Very pretty! She looks almost as tiny as Jezebelle. ^-^


----------



## Jojo_Circus (May 20, 2011)

those flight pictures are so cool what setting was ur camera on to take those?


----------



## This'll Do (Jun 24, 2011)

Awww, the poofy pic is just too much cute! Even her little cheek patches are puffed out!
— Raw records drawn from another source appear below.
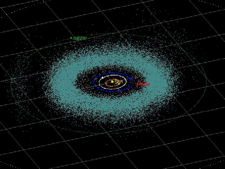 Asteroidengürtel: Grenze: inneren und äußeren Planeten Anzahl: l l Asteroiden entdeckt: 10 000 Asteroiden in Summe geschätzt: 1 Mio. kann vom Planet aus seiner Flugbahn gezogen werden l Von Planeten gefangen Satellit l Mars: Phobos, Deimos Größe: 2. 0 bis 3. 4 AE (1 Astronomische Einheit entspricht 149. 597. 870 km)
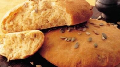 - نضع المقلاة على نارٍ منخفضة، ونغطيها، ونتركها مدّة خمس دقائق، ثمّ نقلب الرغيف على الجهة الأخرى، ونتركه مدّة خمس دقائق.
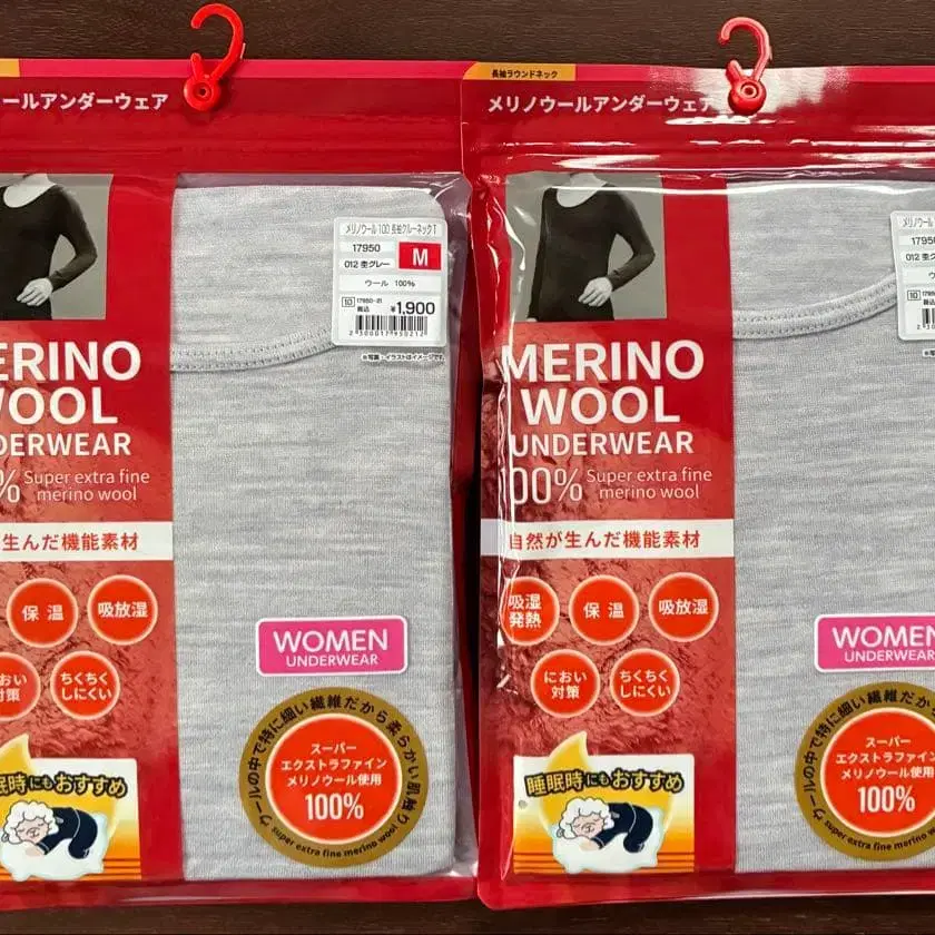 워크맨 여성용 메리노울 긴팔 크루넥 M 사이즈 그레이 2장 세트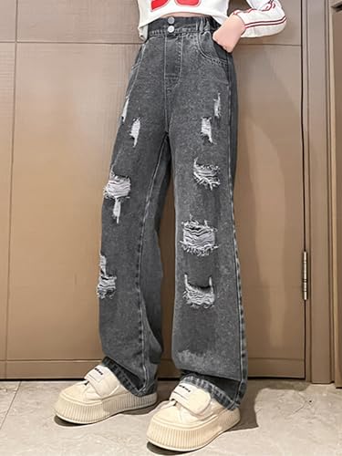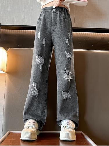 Kids Girls Elastic Waist Cool Ripped Jeans Washed Denim Wide Leg Ripped Denim Jean 6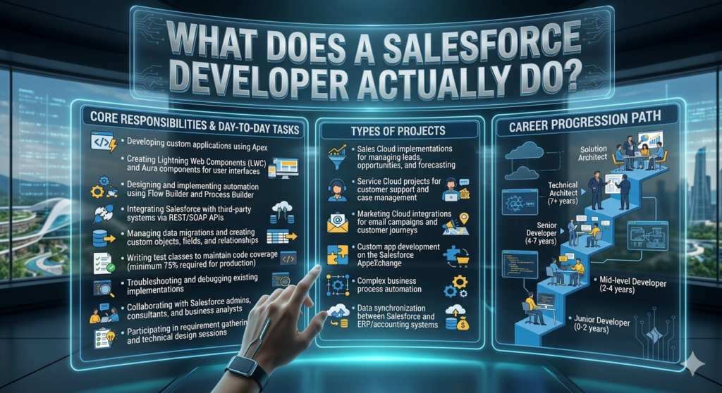 - Developing custom applications using Apex (Salesforce’s proprietary programming language)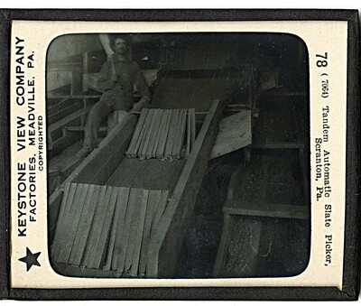 In this image, an anthracite coal mine worker can be seen supervising the use of a tandem automatic slate picker. Scranton, Pennsylvania was a major producer of clean burning and long-lasting anthracite coal, leading to several productive mines being opened around the city. Before the automatic slate picker was implement, anthracite coal mining companies used children as young as six years old for the dangerous and often deadly work of picking unwanted slate debris from harvested coal. The introduction of the automatic slate picker arose during the public outcry against employing children, allowing for the end of child labor in the anthracite coal mining industry as well as improving efficiency and productivity in the coal breaker facilities.

That second flight shot is a great one. And in the first one-- look at how it shows that her feathers are transparent; that is really neat.


----------



## MeanneyFids (Aug 24, 2010)

jojo
automatic setting with flash, but my camera automatically formats to close ups lol

this'll do
i love the fluffy cheeks


----------



## Blooming.lady (Apr 27, 2010)

the poofy pic is cuteee 

its cool when he is flying >W<


----------



## crinklepot (Nov 18, 2010)

I love Dally, she's just so cute! She looks so graceful in these flight shots


----------



## birdluv (Jul 31, 2007)

Those are great shots


----------



## DairyMay (Jun 18, 2011)

oh my gosh the fluffy picture is absolutely adorable!!!


----------



## KTyne (Apr 16, 2011)

These are super cute! Dally is super gorgeous, I love her pearls so much!


----------



## morla (Aug 15, 2011)

Woah! Awsome pictures of your bird!


----------



## MeanneyFids (Aug 24, 2010)

thanks guys


----------



## Lulu The Tiel (Apr 11, 2011)

I love looking at these! Dally makes photography a piece of cake. 


---
- Sent from my iPhone using Tapatalk


----------



## lperry82 (Aug 2, 2010)

Oh wow morla i think you need to resize your siggy as it far too big


----------